Okay, these are lyrics, which are poetry, which is art; and the meaning of any piece of art lies within the beholder. But this is my interpretation:
The author of the lyrics is playing around with the word "blue" here, and using it simultaneously for different meanings and even as different parts of speech.
"Blue" can be an adjective, as it is here describing both the color of the girl's eyes (see more on this in @ssav's excellent answer) and the author's sad feelings about being so attracted to this inappropriately under-aged girl (more about this in @Mike Kozar's also excellent answer).
"Blue" can also be a noun; and the same occurrence of the word, meaning both the color blue and the author's sad mood, acts as a subject noun here:
That (article) blue (subject) is getting (verb) me (object) high (adjective)
And (conjunction) [that blue is] making (verb) me (object) low (adjective)
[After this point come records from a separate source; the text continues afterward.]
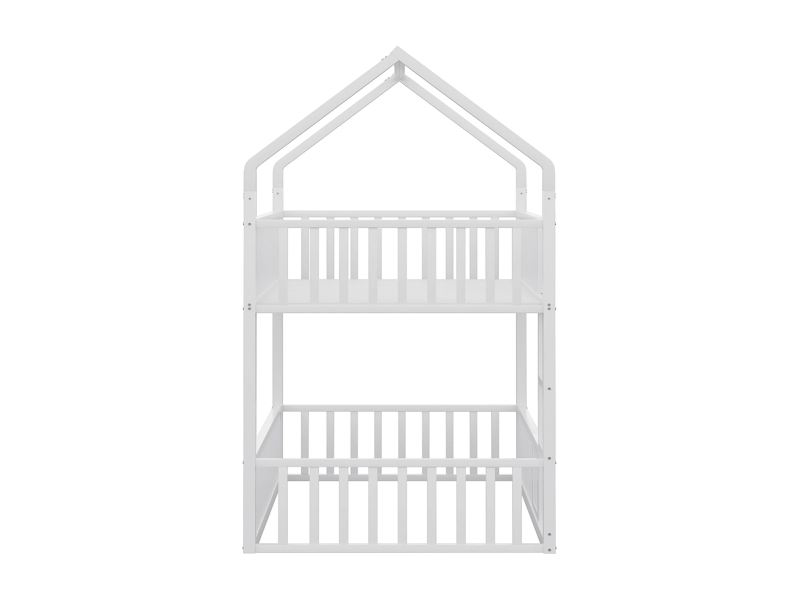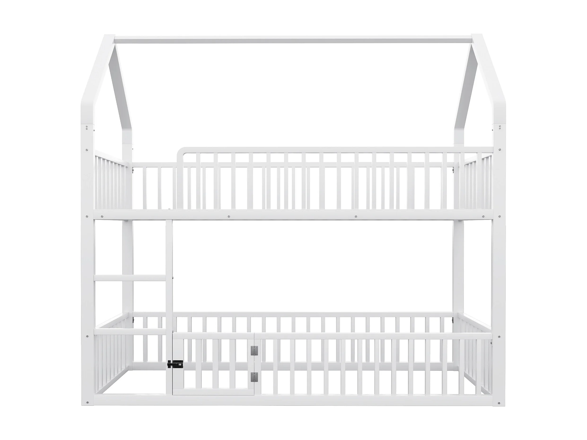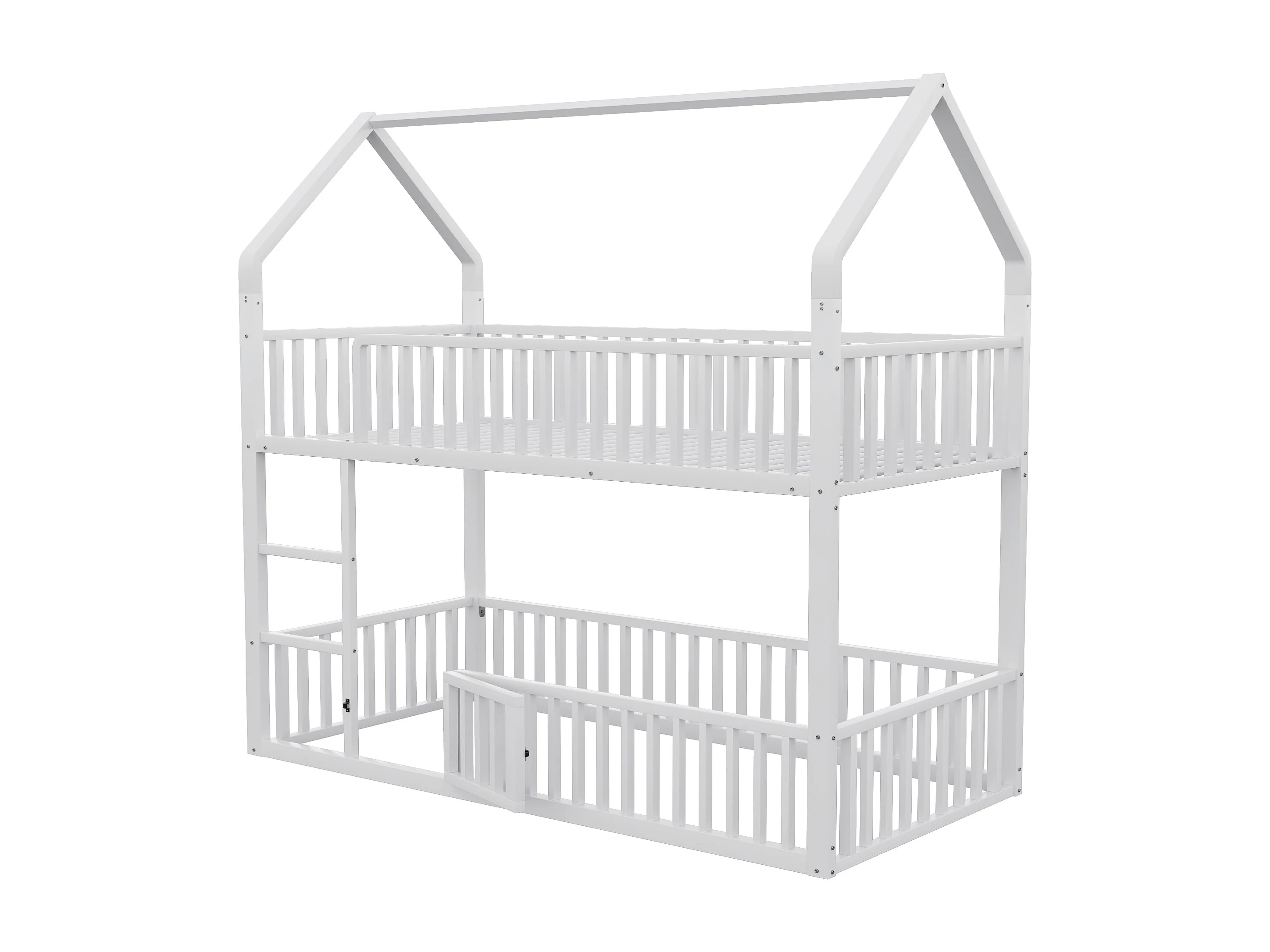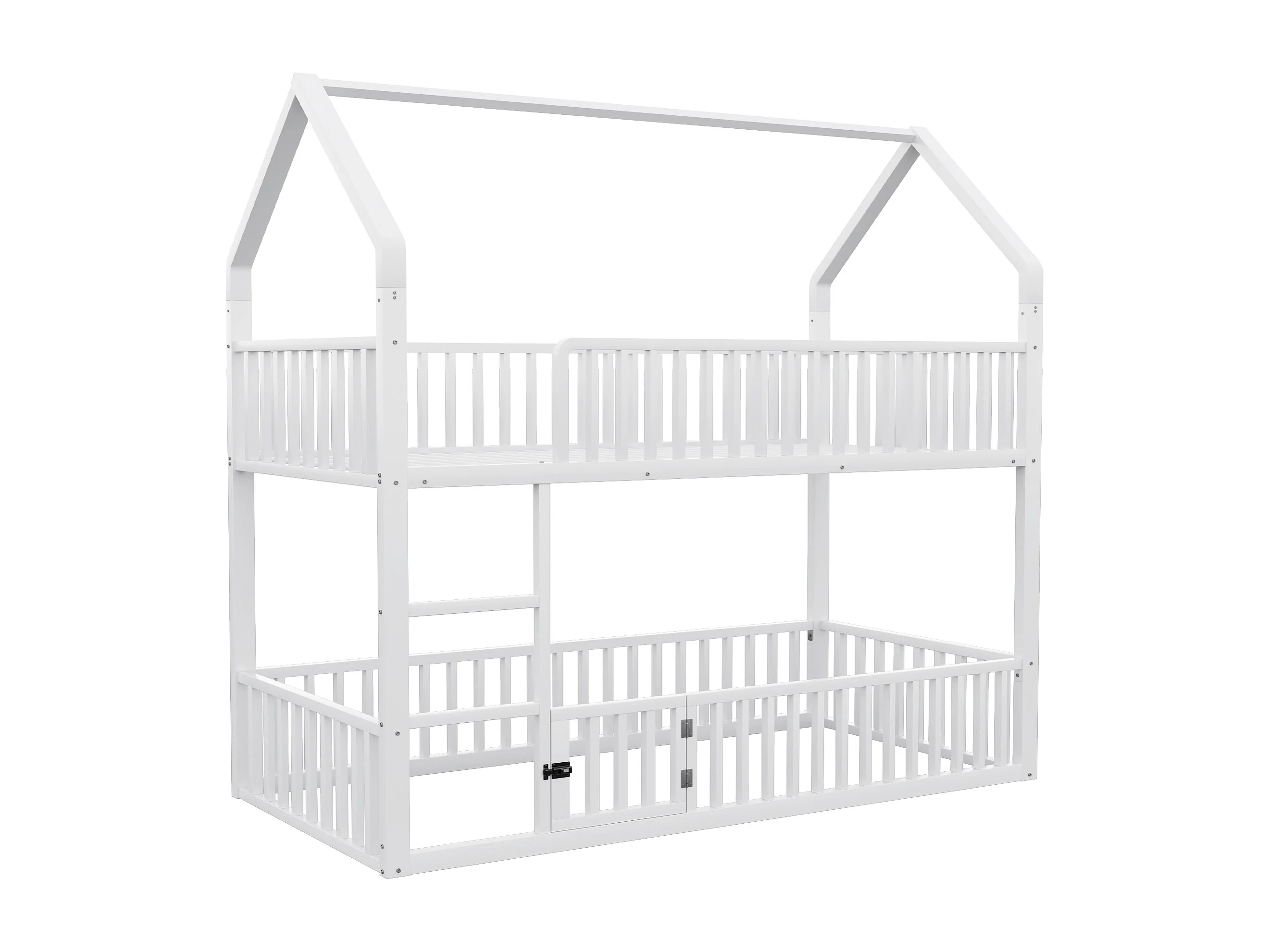 Lit superposé enfant 90x200 cm avec escalier et barrières de sécurité, blanc - sans matelas
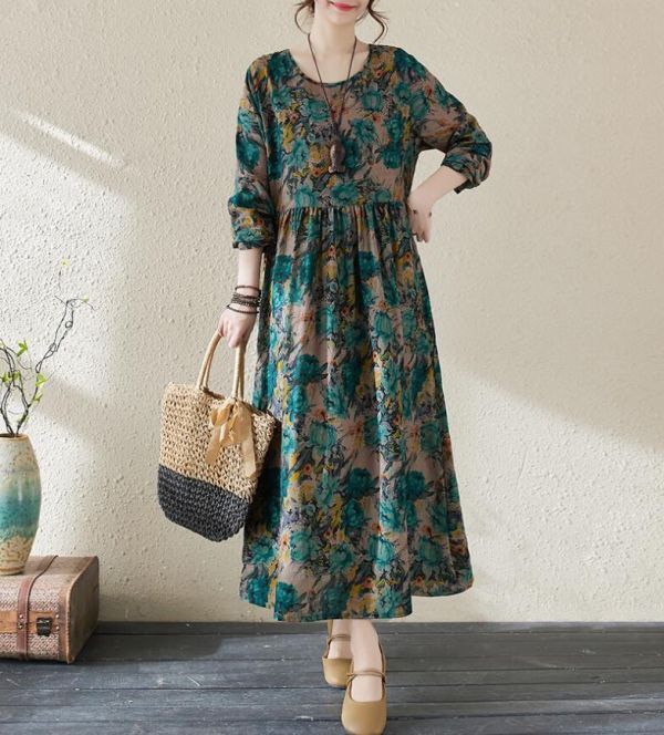 - 新品 *カジュアル 綿麻ワンピース 総柄 長袖 花柄ワンピース 大きいサイズ ロングワンピース ゆったり ロング丈 *緑
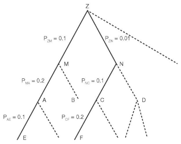 Let us transform the event tree into a probability graph, where the edges of the tree are the probabilities of chain events (Fig. 3).
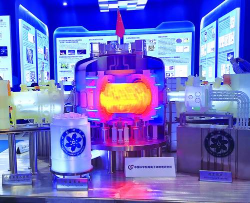 国家“十三五”科技创新成就展上,印着蓝白色中国科学院院徽的中国全超导托卡马克东方超环模型。倪思洁摄
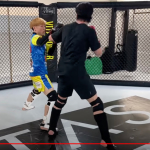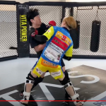 左のパンチをヒットさせる!(朝倉未来YouTubeより)
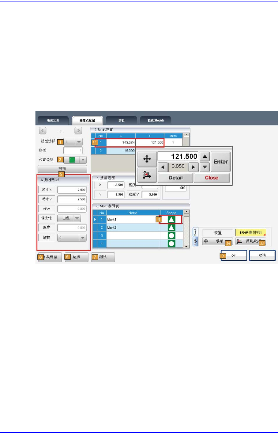 2) 在1st Zone示教Mark 1、Mark 2。
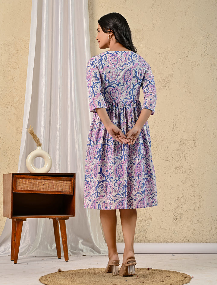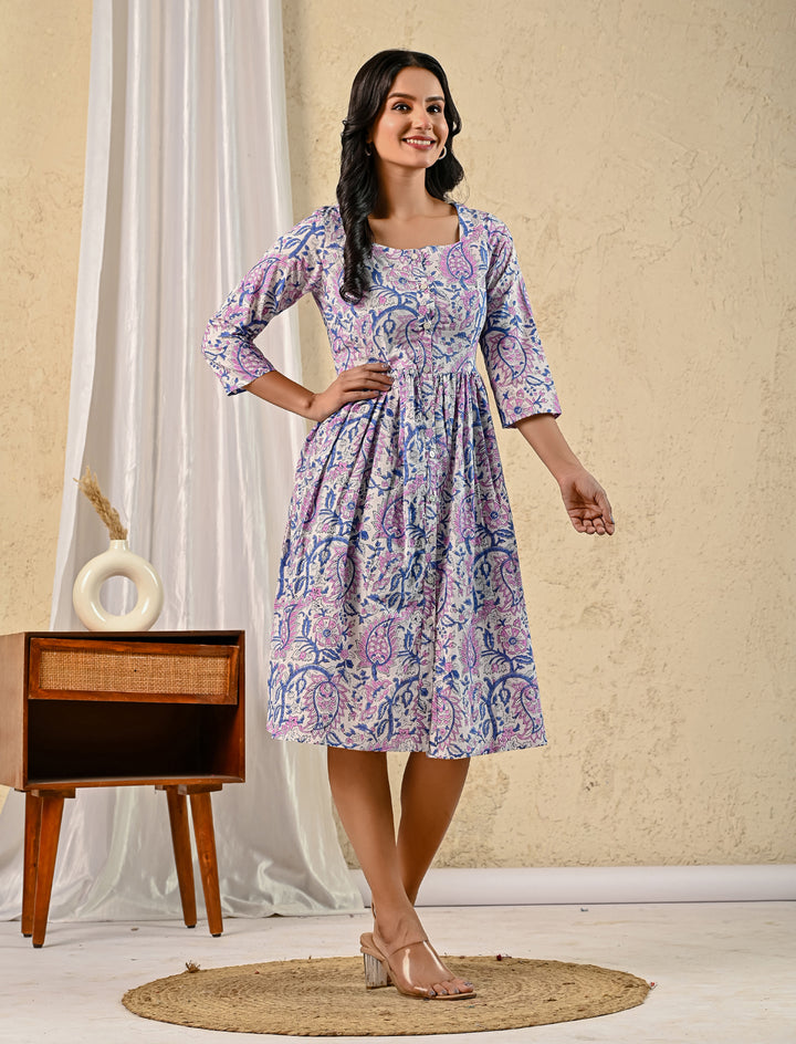 White Purple Jaal Hand Block Printed Cotton Dress With Front Buttons
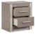 Love sleek and bold contemporary style? Drink in the beauty of this bedroom package. Its eye-catching details include glam glitter accents and the look of leather grain with a subtle gray finish. Combined with the streamlined aesthetic, this set is a simply stunning way to achieve the bedroom of your dreams.

And "blue" can be a verb, but (and this is where your love/hate relationship with the English language may hit a very high/low point) it's not used that way here. Both meanings of "to blue" are chemical processes: one oxidizes the surface of steel to provide partial protection from rust; and one adds a slight blue tint to white laundry, making it the white appear brighter. Neither is going on in this song.
I think the author wants the little girl to close her eyes not just because they are so problematically blue, but also to shut him out, to decline the relationship he so desperately both wants and doesn't want to have with her. Some of the lyrics not quoted here include very sexual connotations and cultural references, and I think that by "eyes" the author might also mean "legs."